Other threads on WUS talk about a lawsuit that Nomos brought against Muhle in the early 2000s. They say that a German court ruled that Muhle had used the Glasshutte name without justification, and was forced to pay so much that it was left insolvent.
So how is Muhle still selling watches today, and still using the Glasshutte name? Did they simply have enough cash reserves, or get enough bank loans, to keep going? Did they have to move more operations to Glasshutte to be allowed to keep using that name?

I ask partly because I'm interested in business history, and partly because I like their watches and want to make sure that they didn't survive by simply by switching to an outsourcing model.

Anyone know anything?


----------



## StufflerMike

Do a search and read all the relevant threads posted here on WUS in 2007 and 2008 and you are in the know.


----------



## Sajia32

OK, somehow I thought 5 pages of this thread would contain all the relevant followup:
https://www.watchuseek.com/f8/m%FChle-files-bankruptcy-72240-5.html

Didn't realize the answer would be here:
https://www.watchuseek.com/f8/m%FChle-leaving-chapter-11-a-129021.html#post833800

Glad to hear that MG came out of the process more authentic instead of lowing standards to cut costs.


----------



## StufflerMike

Sajia32 said:


> ...Glad to hear that MG came out of the process more authentic instead of lowing standards to cut costs.

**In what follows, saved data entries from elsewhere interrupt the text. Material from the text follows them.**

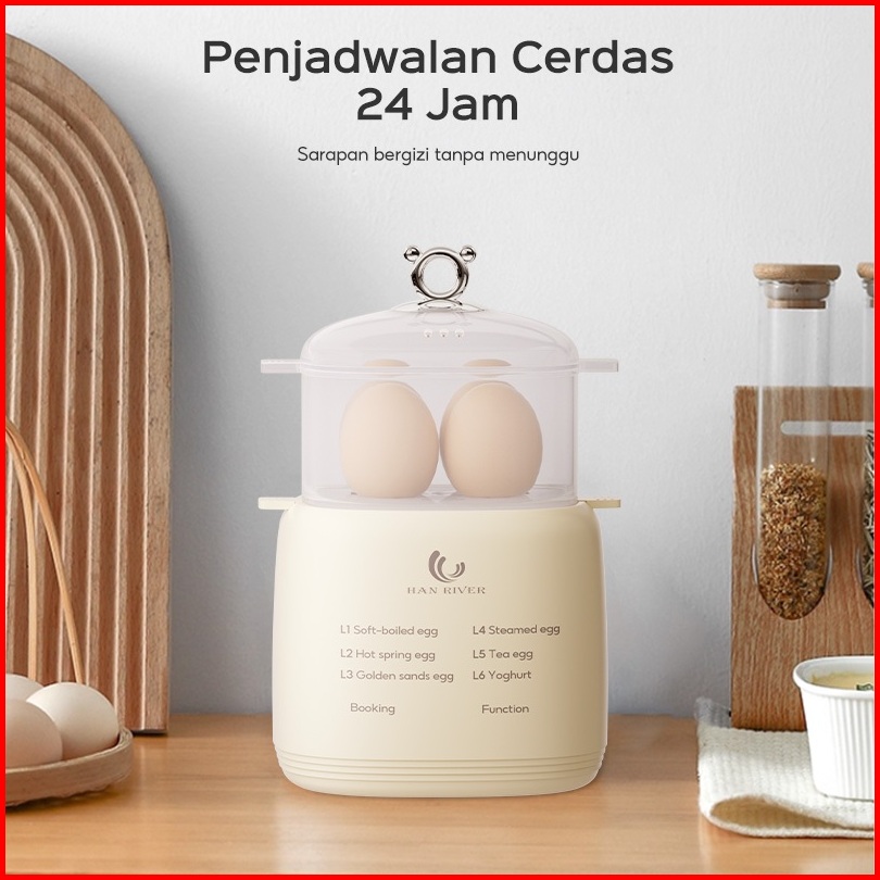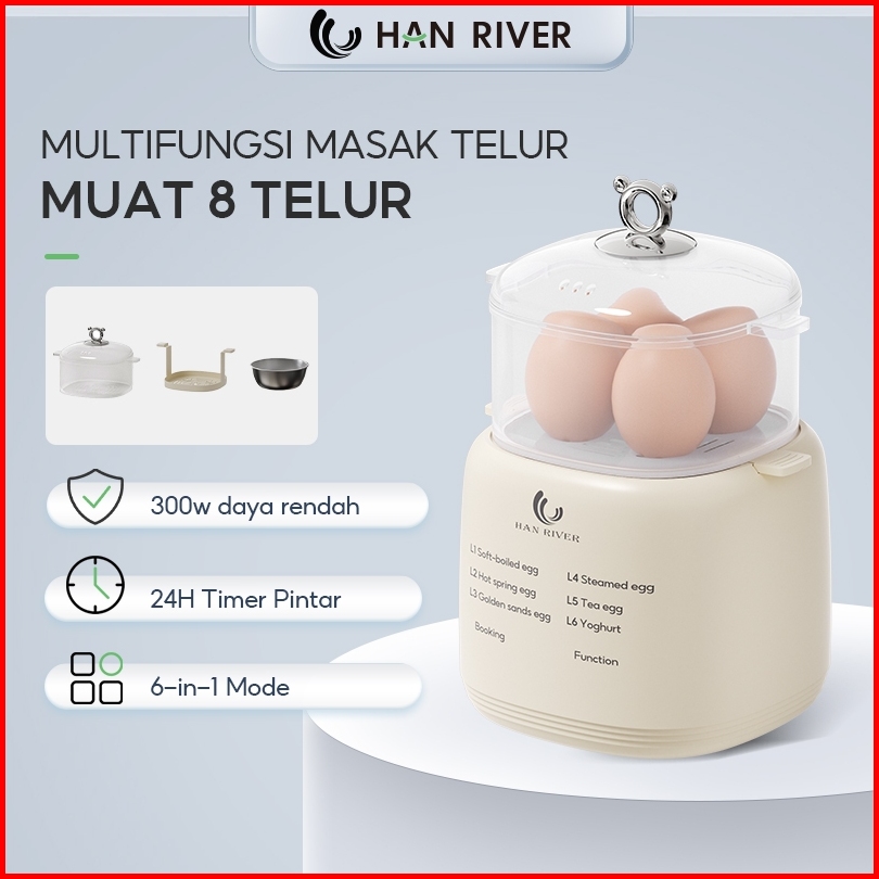 Han River Panci Listrik 6-in-1 Egg Cooker 300w Low Watt Multifungsi Steamer Tray Kukus Cup Kukus
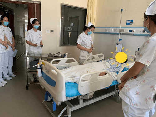 首先,由护师李姗姗对疾病相关知识进行详细的讲解,并对患者的基本资料、病史、诊疗经过进行了阐述,根据患者的目前情况提出护理诊断并采取相应措施。随后进行床旁查体,经过规范专业查体及评估,再次进行讨论及分析。
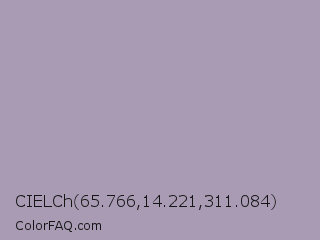 CIELCh 65.766,14.221,311.084 Color is a light purple color and the nearest color is Amethyst Smoke #a397b4. Hex code #a89bb3 and RGB value is rgb(168,155,179). In RGB color space, this color is composed of 66% red, 61% green, 70% blue, In CMYK color space, this color is composed of 6% cyan, 13% magenta, 0% yellow , 30% black , In HSL color space, this color has a hue angle of 273° , 14% saturation and 65% lightness.
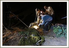 A capture net fastened to a tree stump at the river bank was set to allow the crocodiles walk through to the feeding point. Target animal was tactically isolated by prodding other individuals away and the net lunged onto the target. Once the crocodile was entangled in the net, he was held down and a blindfold thrown over its eyes.
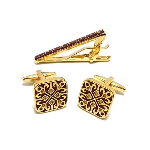 View full detailsSquare Jeweled Cufflink Tie-Bar Set
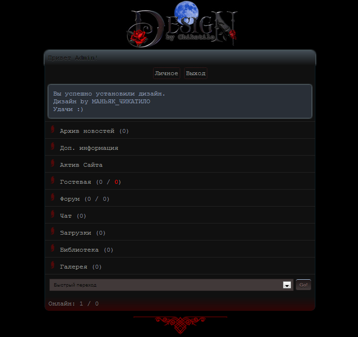 Дизайн готический, в тёмных тонах для JohnCMS 3.2.2, делал для своего портфолио, но потом решил кинуть в пабл)

Those who know Thilo Mühle know that this would not have been an option for Thilo. Nautische Instrumente Mühle Glashütte is an widely acknowledged family-run enterprise in the fifth generation, Thilo would not risk Mühle's excellent reputation.


----------



## nicholasnick

TIL. This is actually a fascinating part of the history and very clear how important this lineage is. Both for the craft of watchmaking and financially.


----------



## FBPB

Wow, I had not heard of this. Interesting story.

I knew there was a reason that I've never liked the design of Nomos watches...


----------